Том 8. Подстриженными глазами. Иверень
Шрифт:
Наш веселый путь — Покровкой, Старая Басманная, Бабушкин переулок, Александровское коммерческое училище; но как ни высовывались и ни кивали, навстречу нам блиставшие окна пустых классов мимо смотрели, не удивляясь ни нашему оживлению, ни нашей парадной, обитой черным сукном, линейке. Досадно!
У Никиты мученика, сверкая начищенными кастрюлями, стоял юродивый Федя: приложив зонтиком руку к глазам, другую поднял — и наставил кукиш. Чудно! Мы были последние за каретами и «своими лошадьми» в торжественной процессии на Введенские горы.
Лефортовская часть — Проломная застава — Введенские горы! С какой жадностью я смотрел, вглядываясь в «полночный путь» Маши. С каждым шагом оживала во мне «страшная» повесть Погорельского, совсем не страшная (сравни с Гоголем), но так искусно выписанная без единого пустого слова, и потому магически «черной курицей» заполнившая
В первый раз я попал на «немецкое» кладбище — а это действительно, как Божий рай: по чистоте, цветам и порядку не сравнить ни с Андрониевым, ни с Покровским, ни с Новоспасским — старинными «историческими» кладбищами, где я знал каждый памятник, каждый омшелый бугорок, засор и без концов путаницу.
И как в церкви, мы стояли у склепа в первом ряду.

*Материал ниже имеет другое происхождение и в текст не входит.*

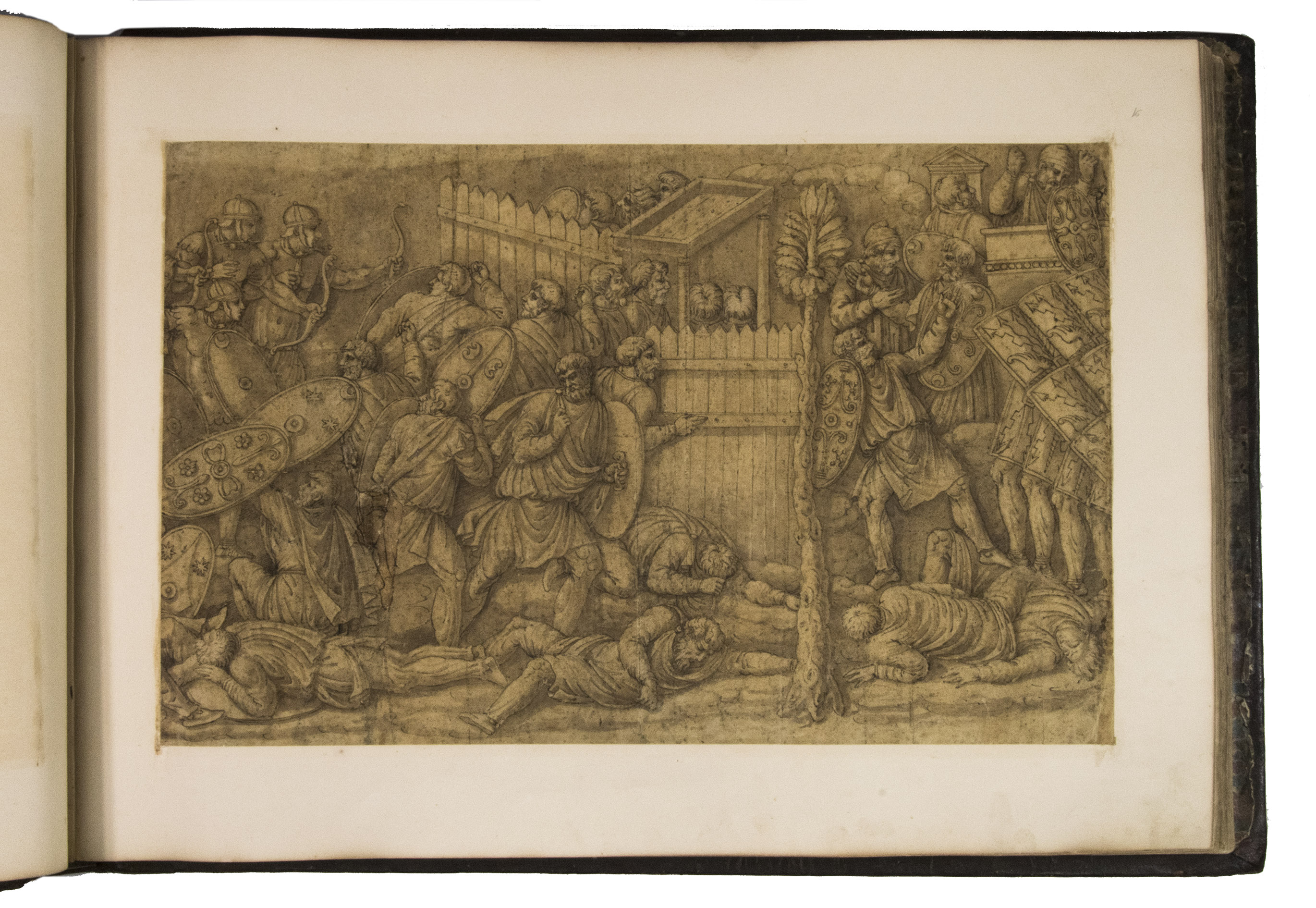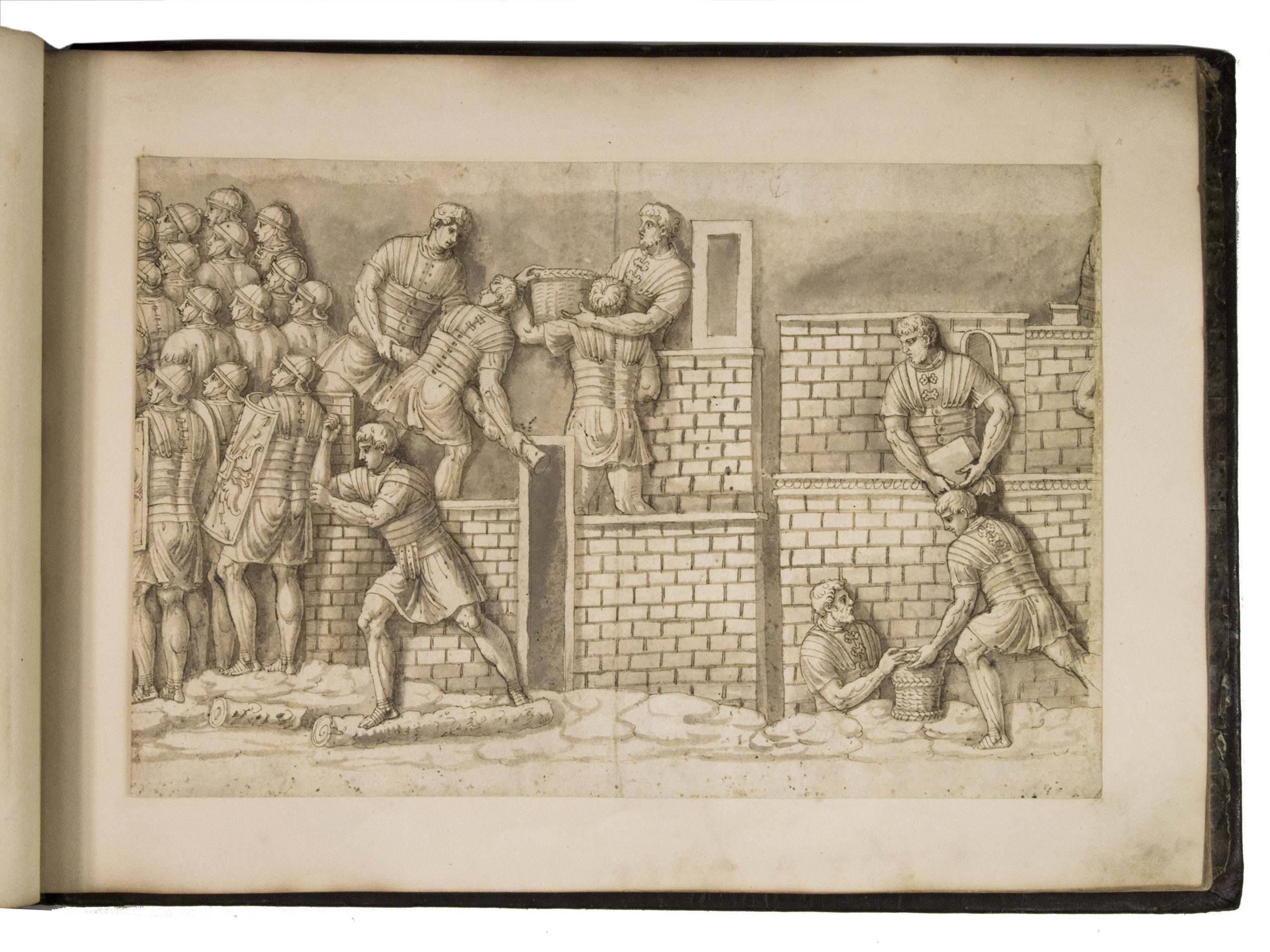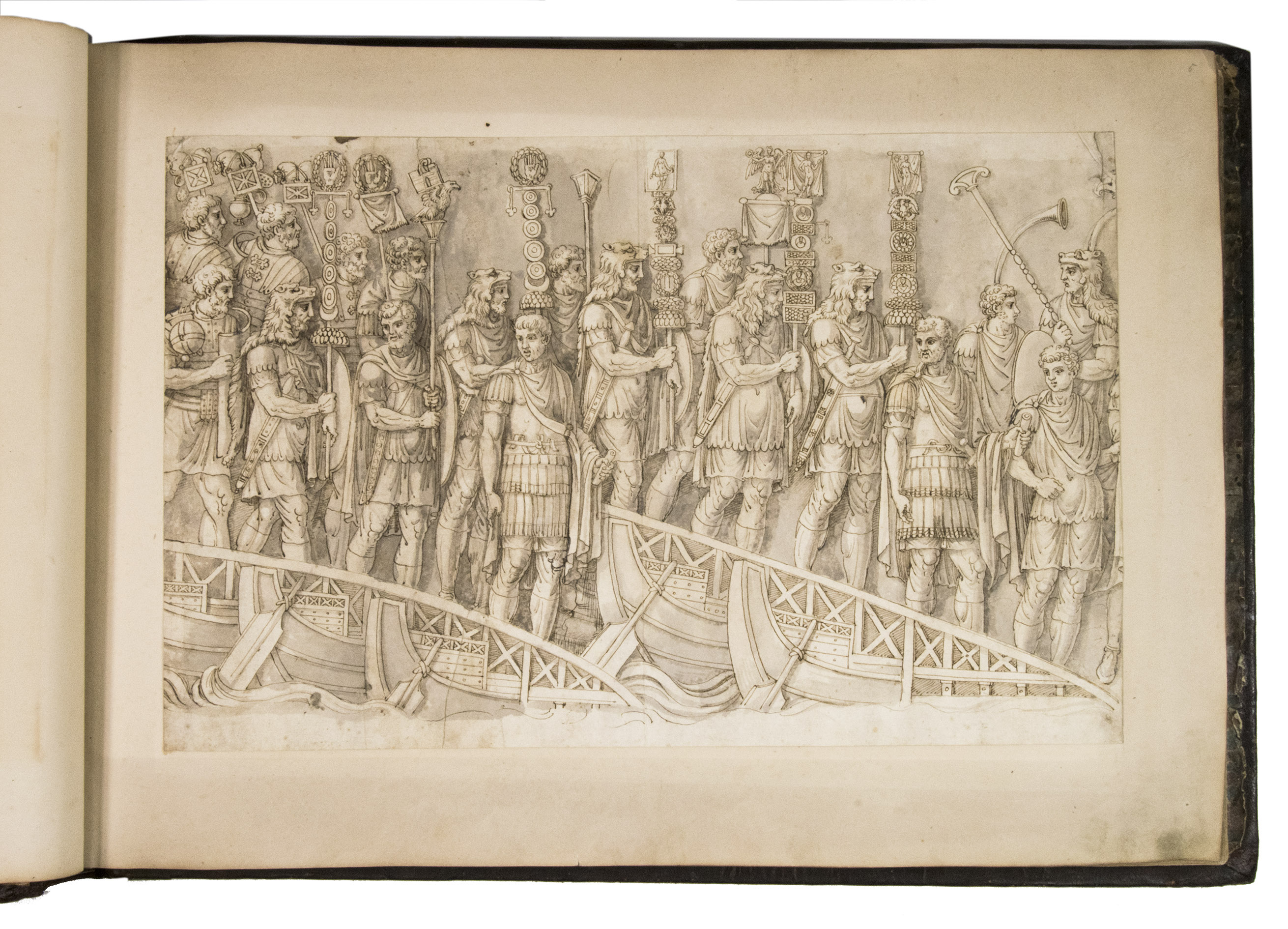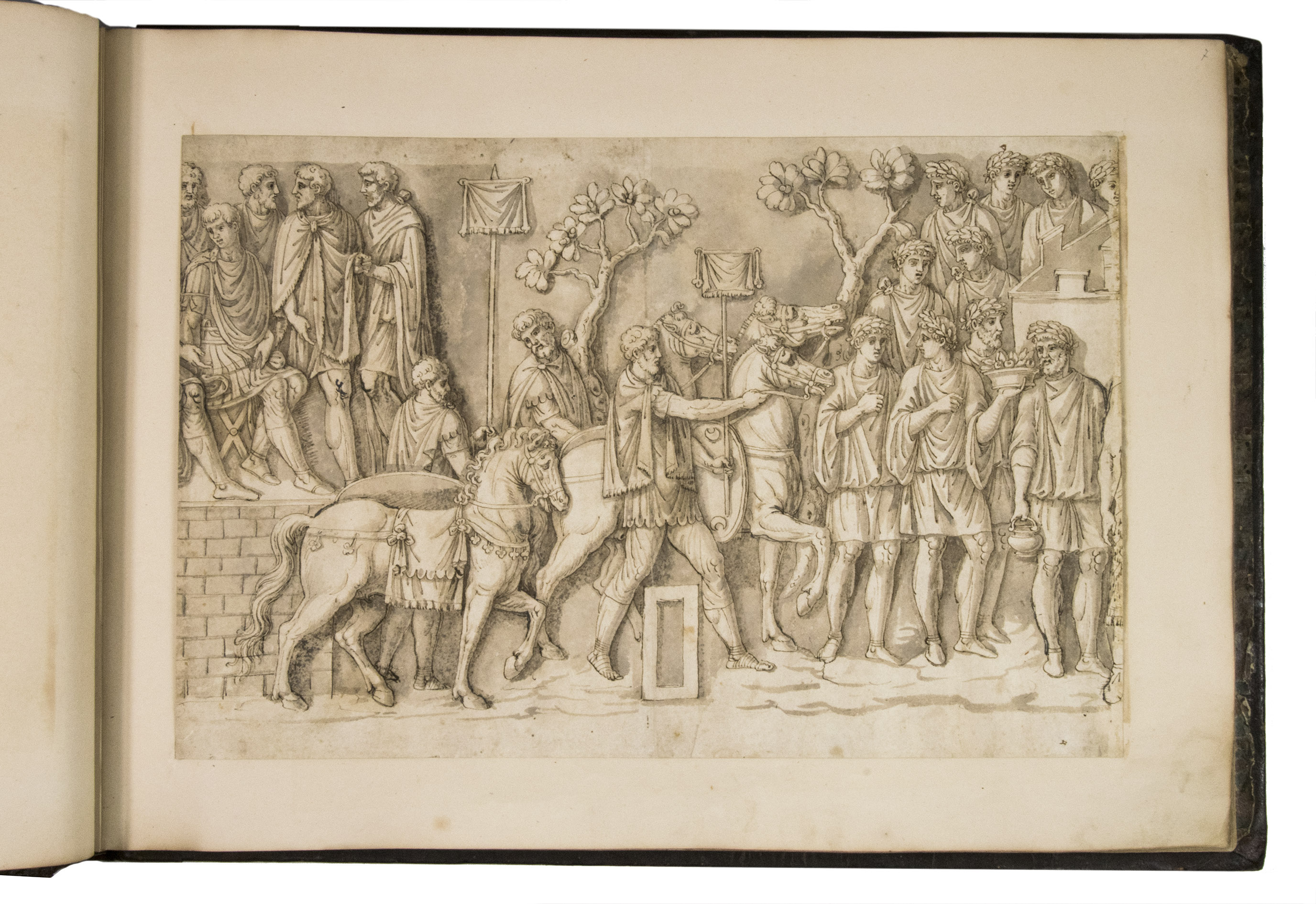 Remarkable collection of 72 drawings of the scenes on Trajan's Column in Rome. They were made by at least two different Italian artists from slightly different periods, but in a cohesive style. The drawings have been mounted into an album bearing the coat of arms of King Philip V of Spain (1683-1746). Trajan's Column proved to be endlessly inspiring in the time period the present drawings were made, as similar collections of studies are known from artists such as Amico Aspertini (1474-1552), Giovanni Battista Cipriani (1727-1785), and Nicolas Poussin (1594-1665).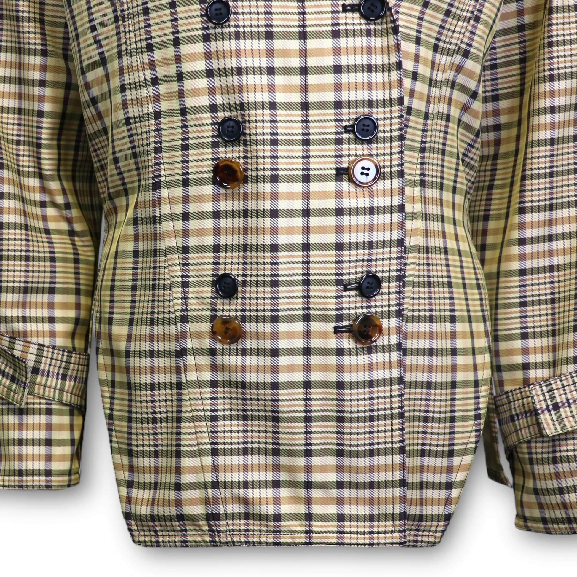 Dieses modische Jacke überzeugt mit einem klassischen Karomuster in warmen Beige- und Brauntönen. Die doppelte Knopfleiste und der markante Reverskragen verleihen dem Piece eine zeitlose, leicht maskulin angehauchte Eleganz – perfekt für stilvolle Alltagslooks oder besondere Auftritte.

И тут я увидел, что это был не рояль, а гроб. И когда опустили гроб, под английские слова священника, в которых повторялось имя «Колли», поднялись из цветов какие-то птички и стали перелетать над цветочными памятниками, и мне показалось, а я следил за ними, не стрижиная печаль в их перепорхе и перелете, а от удовольствия кружились они — так тих был и покоен летний день и прекрасны цветы и нарядны провожатые.
Нарядный старый англичанин с той же внимательностью, как и в церкви, повел нас с Мурлыкиным. И все пошли.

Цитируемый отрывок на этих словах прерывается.